March 12th, 2020 at 11:11 PM ^
Should be all Michigan “schools” closed.
March 13th, 2020 at 12:15 AM ^
I was about to say I appreciate the aggressive responses around the country but closing the entire state of Michigan seems a tad harsh.
For now.
He never completed school.
March 13th, 2020 at 10:14 AM ^
Just because you got your Grade 10 you think you're hot stuff, with your book learning!
March 12th, 2020 at 11:12 PM ^
Most schools the last week was already spring break. But not mine. So I'm off for a month after tomorrow, but might call in anyway. I've got what I think (and my pulmonologist agrees) is an asthma flare up. But not sure there's any sense risking it.
In Michigan, the K-12 spring break is in three weeks.
It's uniform by county, not across the whole state.

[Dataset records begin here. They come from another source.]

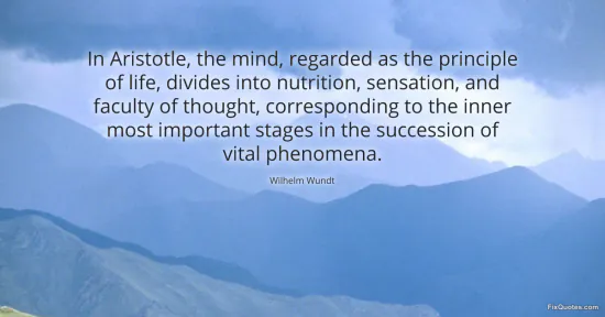Wundt, Wilhelm. "In Aristotle, the mind, regarded as the principle of life, divides into nutrition, sensation, and faculty of thought, corresponding to the inner most important stages in the succession of vital phenomena." FixQuotes. February 17, 2026. https://fixquotes.com/quotes/in-aristotle-the-mind-regarded-as-the-principle-145528/.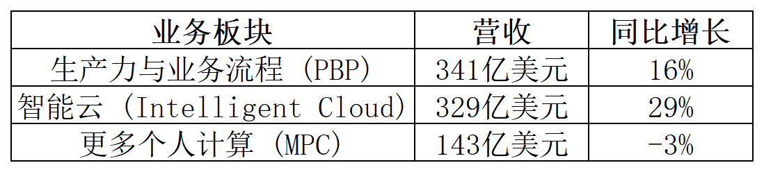 微软第二财季营收为812.73亿美元,同比增长17%;净利润为384.58亿美元,同比增长60%。各业务板块业绩表现: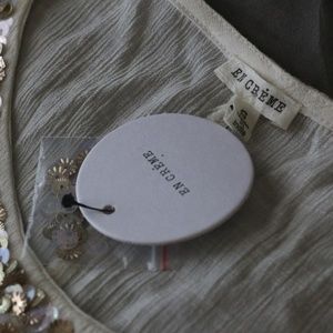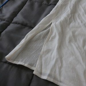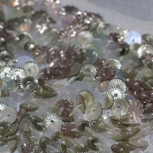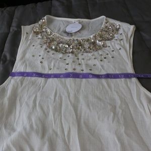 Extra long, sheer, tunic length tank top with sequins along the neckline. Round neckline and side slits on both sides.

In Ann Arbor, for example, spring break was scheduled to run from March 30 through April 3, but the Plymouth-Canton spring break was scheduled to start the following week (April 6 - 10).
March 12th, 2020 at 11:19 PM ^
Great time to plan a vaca.....fuck ?
Darn, I'll have to delay the delivery of .50 cal M2 machine guns you ordered. I'll send you the specs for the fighting positions (with interlocking fields of fire) so you can have those built for when I do get there.
March 12th, 2020 at 11:56 PM ^
My wife is a teacher. Looks like she gets a nice long spring break.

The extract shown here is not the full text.